Men who have sex with men (MSM) in Rwanda are disproportionately affected by HIV and
recognized by the Ministry of Health (MOH) to be a key population for HIV prevention
(MOH, 2018). Although national estimates of HIV prevalence among MSM do not exist,
studies conducted in Rwanda have reported HIV prevalence two to three times higher
among MSM compared with the general population of men (Murenzi et al., 2020; Ntale
et al., 2019). In Africa, MSM account for 6%–17% of new HIV infections annually (Bigna
& Nansseu, 2019). Among MSM in other East African countries, prevalence of HIV is
even higher, ranging from 14% in Uganda to 30% in Tanzania (Kambutse et al., 2019;
Karuga et al., 2016), underscoring the need for additional HIV prevention options
in East Africa.
Pre-exposure prophylaxis (PrEP), the use of anti-retroviral drugs to prevent HIV infection
in persons without HIV (World Health Organization, 2015), is now considered a first-line
HIV prevention option worldwide. PrEP reduces the risk of HIV infection by up to 99%
in a variety of populations, including MSM (Center for Disease Control and Prevention,
2020). Recent demonstration projects in the United States and Australia have found
no HIV seroconversions among MSM adherent to PrEP (Desai et al., 2017; Zablotska et
al., 2019). However, use of PrEP in sub-Saharan African (SSA) countries is low, mostly
due to limited availability associated with cost, despite the fact that most new HIV
infections globally occurinthisregion(Kambutseetal.,2019).Althoughseveral SSA countries,
including Kenya and South Africa, have begun implementing PrEP, with a focus on key
populations such as MSM, access to PrEP is not yet widely available in much of SSA,
including Rwanda (AVAC, 2020).
Awareness of and willingness to use PrEP seems to vary by diverse demographic characteristics
such as geography, age, and place of residence and is important to understand given
its implications for eventual adoption of PrEP (Strauss et al., 2017).
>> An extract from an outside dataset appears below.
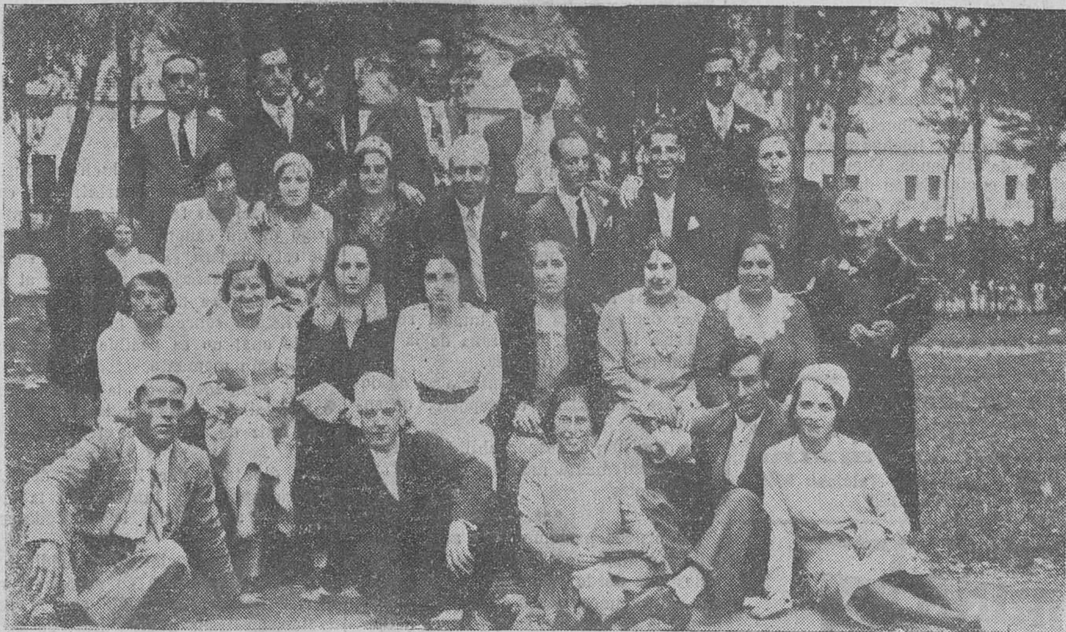
Grupo de la excursión a Laredo organizada por la Sociedad artística y recreativa "La Amistad", de Santander.

In their study
in the United States, Ransome et al. (2019) identified that involvement with community
groups of gay, bisexual, and other MSM (as opposed to no involvement) was associated
with a higher likelihood of awareness of PrEP among MSM. In Ghana, a qualitative study
among MSM identified a low level of PrEP awareness (Ogunbajo et al., 2020). However,
after receiving information about PrEP, acceptability of PrEP was high and was related
to believing that PrEP was protective against HIV and had minimal side effects in
this study (Ogunbajo et al., 2020). In a study conducted in Kenya with MSM, PrEP awareness,
defined as having heard of PrEP, was 64.3% (Ogunbajo et al., 2019). In this Kenyan
study, regular condom use and membership in MSM organizations were associated with
PrEP awareness. However, willingness to use PrEP was low (44.9%) and family exclusion
was among the variables associated with acceptability of PrEP use (Ogunbajo et al.,
2019).
In Rwanda, national guidelines for HIV prevention have identified MSM as a key population
that could benefit from PrEP (MOH, 2018), although there has not yet been widespread
roll-out. The extent to which Rwandan MSM are aware of PrEP and/or find it acceptable
is unknown. To guide policy and PrEP scale-up and roll-out, further information is
needed. The aim of this study was to explore the awareness of PrEP among a sample
of Rwandan MSM, their willingness to use PrEP, and formulation preferences to inform
current and future implementation efforts.
Methods
Study Design
This was a descriptive cross-sectional survey of PrEP knowledge, and attitudes nested
within a longitudinal cohort study evaluating incidence and prevalence of human papillomavirus
and HIV among Rwandan MSM. This substudy uses survey data from the second study visit,
occurring 6 months after enrollment among participants who had tested negative for
HIV at the baseline visit. The 6-month follow-up visit data collection occurred between
September 2016 and February 2017. This study was approved by the Institutional Boards
of Rwanda National Ethic Committee (No. 910/RNEC/2016, No.100/RNEC/2020), and Albert
Einstein College of Medicine (2014–410, Reference: 066359) Institutional Review Board.
Study Settings
The study took place in Kigali City, the capital of and largest city in Rwanda, which
has an HIV prevalence of 4.4% among men (National Institute of Statistics, 2015).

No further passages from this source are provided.